Records from a collection:

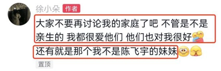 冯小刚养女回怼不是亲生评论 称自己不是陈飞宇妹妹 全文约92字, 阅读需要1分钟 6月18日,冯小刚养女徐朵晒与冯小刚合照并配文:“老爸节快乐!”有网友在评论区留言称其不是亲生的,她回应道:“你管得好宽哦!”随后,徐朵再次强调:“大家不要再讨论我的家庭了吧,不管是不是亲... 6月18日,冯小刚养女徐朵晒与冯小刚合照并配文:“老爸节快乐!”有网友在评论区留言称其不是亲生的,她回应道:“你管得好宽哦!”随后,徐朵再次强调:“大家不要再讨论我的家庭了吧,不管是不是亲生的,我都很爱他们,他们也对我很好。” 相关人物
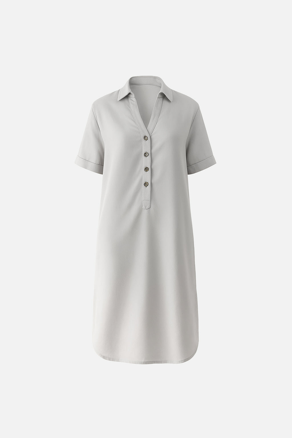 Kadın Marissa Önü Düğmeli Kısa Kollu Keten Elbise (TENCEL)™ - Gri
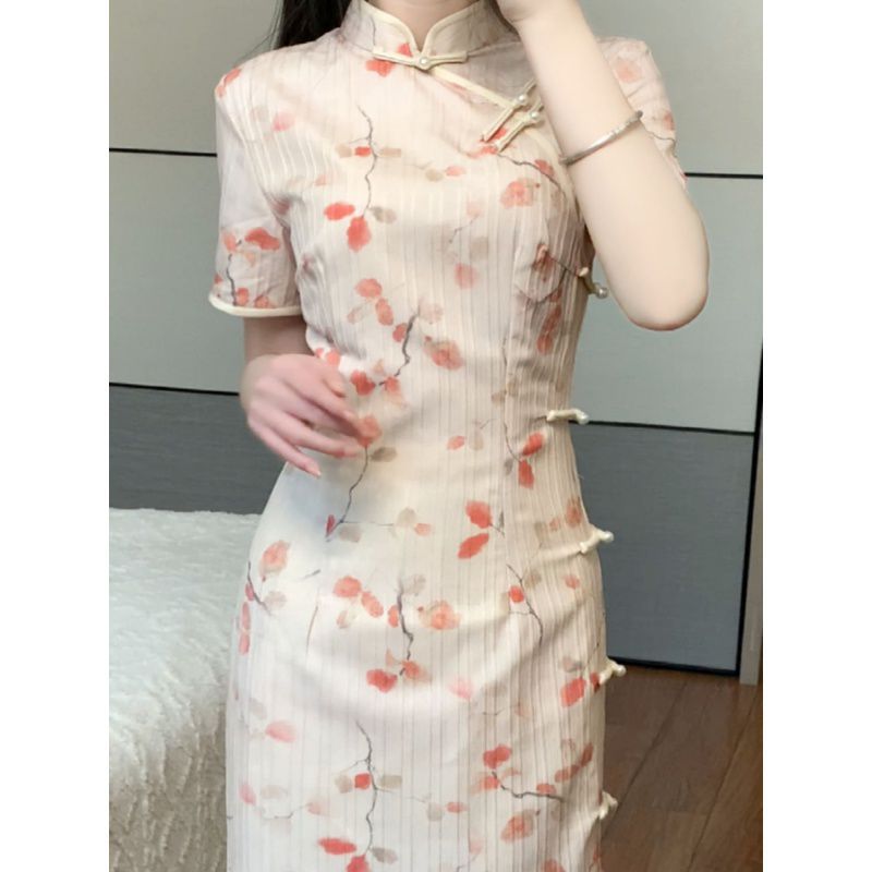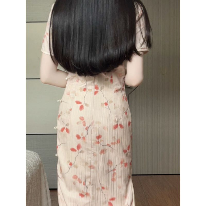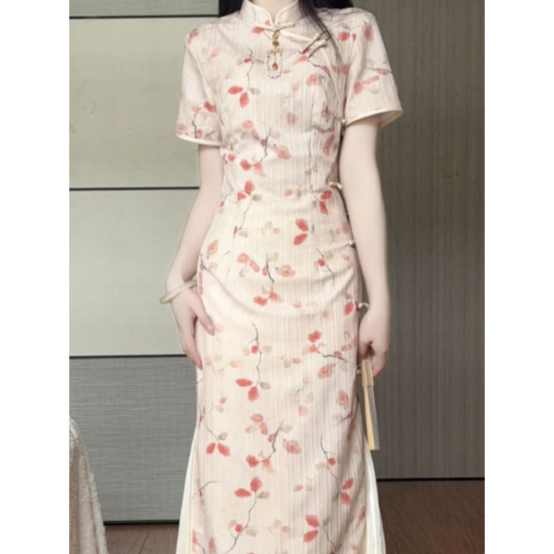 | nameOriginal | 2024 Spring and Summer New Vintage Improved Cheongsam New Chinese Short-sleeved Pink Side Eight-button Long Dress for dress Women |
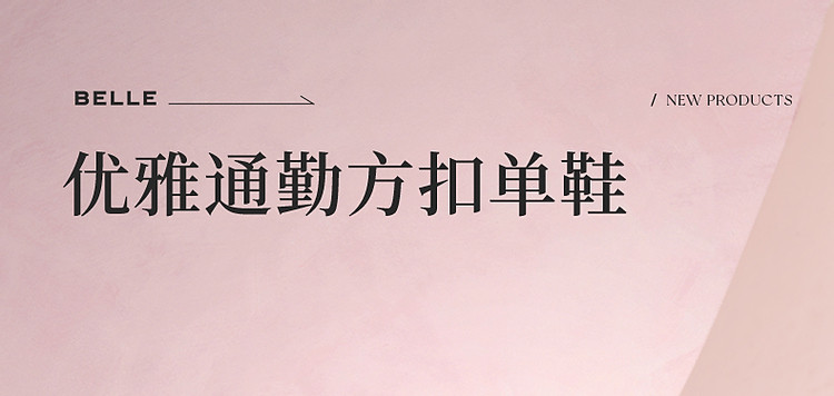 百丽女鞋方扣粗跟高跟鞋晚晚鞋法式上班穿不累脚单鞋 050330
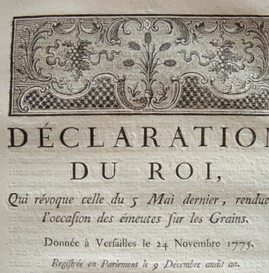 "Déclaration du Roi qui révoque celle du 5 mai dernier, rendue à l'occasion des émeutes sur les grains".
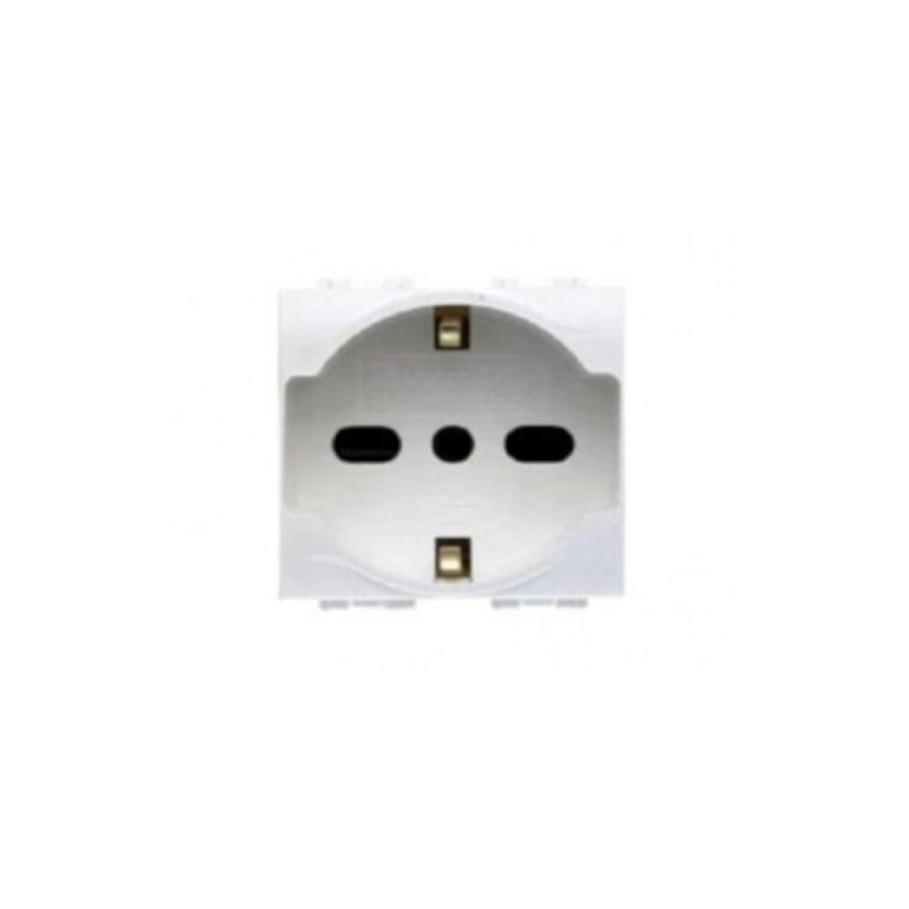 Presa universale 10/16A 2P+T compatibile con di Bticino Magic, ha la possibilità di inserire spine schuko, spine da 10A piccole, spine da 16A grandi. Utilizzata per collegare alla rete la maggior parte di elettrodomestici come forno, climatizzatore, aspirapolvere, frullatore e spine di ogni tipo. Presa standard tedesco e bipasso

* [WHAT TO PRODUCE]: Print exactly the lines above that run from the one with "百丽女鞋方扣粗跟高跟鞋晚晚鞋法式上班穿不累脚单鞋 050330" to the one with "Roi qui révoque", both included. No pictures.

* [COMPLETED TASK]:
 百丽女鞋方扣粗跟高跟鞋晚晚鞋法式上班穿不累脚单鞋 050330
 "Déclaration du Roi qui révoque celle du 5 mai dernier, rendue à l'occasion des émeutes sur les grains".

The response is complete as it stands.